The root cause of femicides is a general culture of silence when it comes to violence against women. More than half of all women between the ages of 15 and 72 reported having experienced some form of violence in their lives in a 2018 INSTAT survey, most often intimate violence from a partner or husband. Not only does women’s economic position make them vulnerable to mistreatment (the husband is often the only one with an income); at the societal level, intimate violence is completely normalized.
The latest OECD domestic violence survey from 2018 supports this conclusion. It states that 47 percent of Albanian women surveyed indicated that a good wife obeys her husband even when she disagrees with him.

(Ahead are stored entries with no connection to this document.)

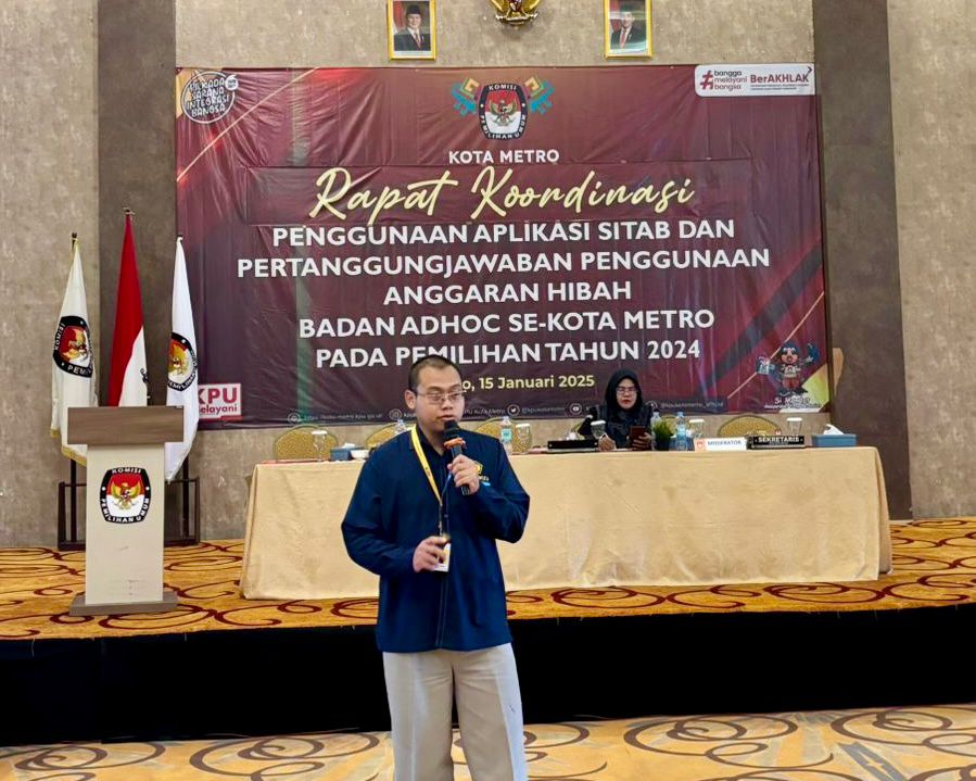 Kantor Pelayanan Pajak (KPP) Pratama Metro memenuhi undangan dari Komisi Pemilihan Umum (KPU) Kota Metro untuk memberikan sosialisasi Aspek Perpajakan atas Dana Hibah Badan Adhoc KPU dalam acara Rapat Koordinasi Pertanggungjawaban Penggunaan Anggaran Hibah Badan Adhoc se-Kota Metro yang bertempat di Aidia Grande Hotel, Jalan A. R. Prawiranegara Nomor 99A, Kota Metro (Rabu, 15/1).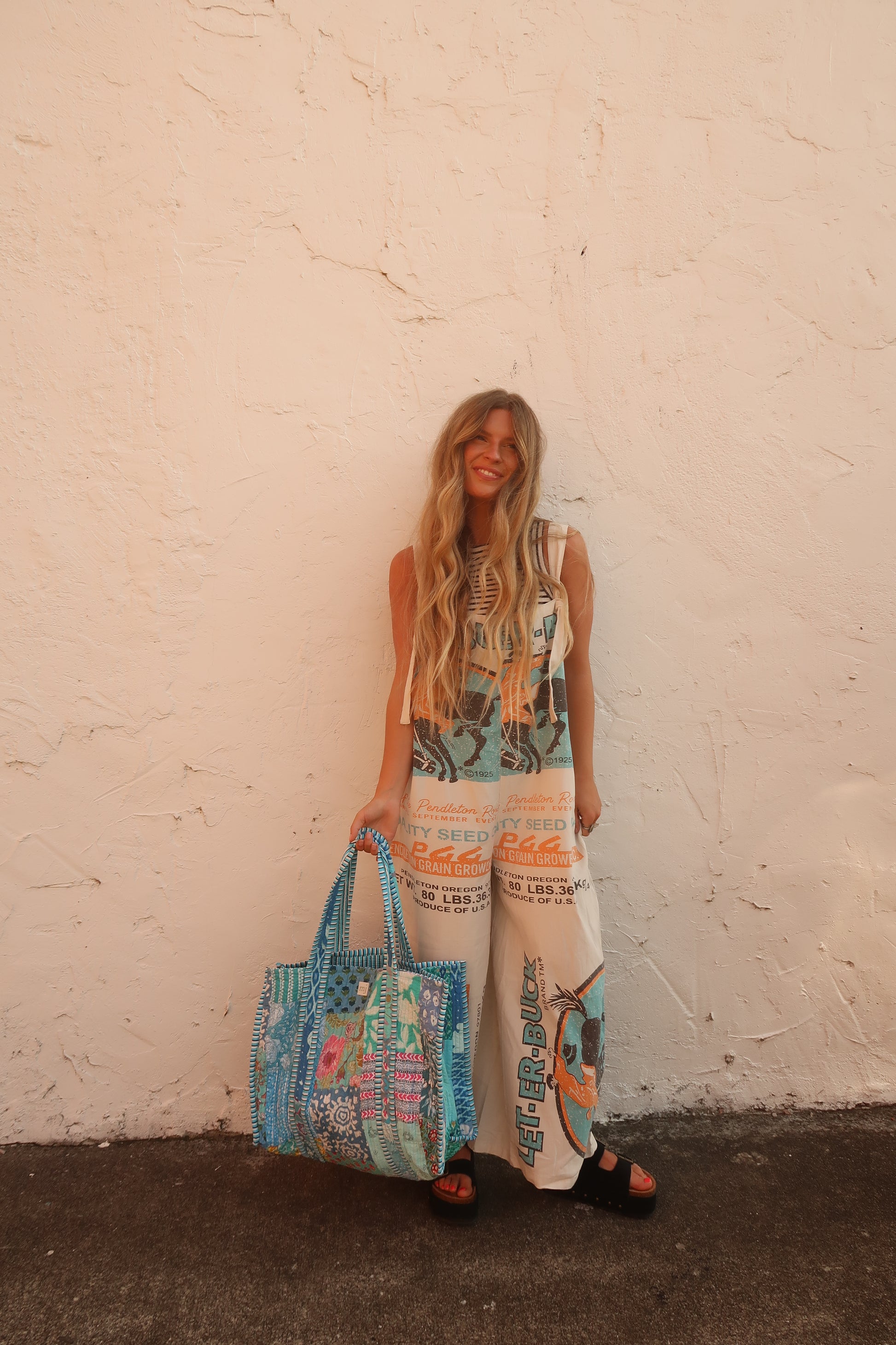 Step into charm with these vintage flour sack overalls, designed for an oversized, comfy fit that adjusts to you. The jaw-dropping teal and orange color combo makes every outfit pop with a unique, one-of-a-kind flair. Perfect for anyone who loves to stand out effortlessly!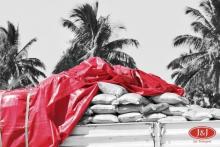 All cargo is secured and covered with tarpaulin to protect the cargo from the elements.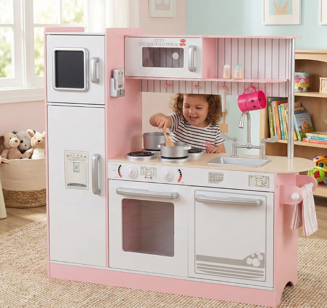 מטבח רעות - מטבח עץ מעוצב עם סט אביזרים משלים למשחק דמיון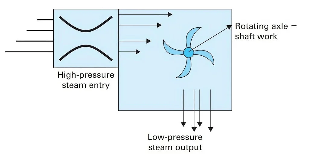 - A turbine (Figure 3) combines nozzles and windmills to convert internal energy into shaft work. It causes significant pressure drops, so high-pressure vapor—usually steam—is needed. Thus, in the Rankine cycle, the turbine receives high-temperature, high-pressure steam as the working fluid.

In addition, 19 percent of the women surveyed agreed that it is a wife’s duty to sleep with her husband even if she does not feel like it. Among men, that percentage is most likely a lot higher.
As long as intimate violence remains a private matter, society cannot effectively intervene to combat it. Take, for example, the case of Albana Dedaj. Even though her husband already had to go to prison once for abuse, she was not offered any help from the authorities to protect her from him. After he was released again, he ran into her one day, grabbed her, poured gasoline over her and himself, and then tried to set them on fire with a lighter. Dedaj narrowly escaped and went to work. Her co-workers wondered where the gasoline smell was coming from, but she couldn’t bring herself to tell them what had just happened. She fled to the restroom and put on her work clothes, but the smell didn’t dissipate. In desperation, she went to the outhouse and called the emergency number, but the police refused to pick her up. ‘We are not a cab service, we are the police,’ the man on the other end of the line replied. ‘If you get a chance, take a cab or a bus to the police station.’
Things worked out for Dedaj, but her story is indicative of the lack of help and support for women who are victims of intimate violence. Hence why Young Volunteers, with support from The Action Fund, campaigned against intimate violence last spring. Campaigners held demonstrations against femicide and distributed information in both urban and rural areas about where women can actually go for support if they are experiencing intimate violence.
The Action Fund is proud to support Young Volunteers. Femicide is a large-scale problem that is far from limited to Albania. In the Netherlands, a woman is murdered every eight days, according to the NGO WOMEN Inc. More than half of the perpetrators are the presumed (ex-)partner. This has to change, and now!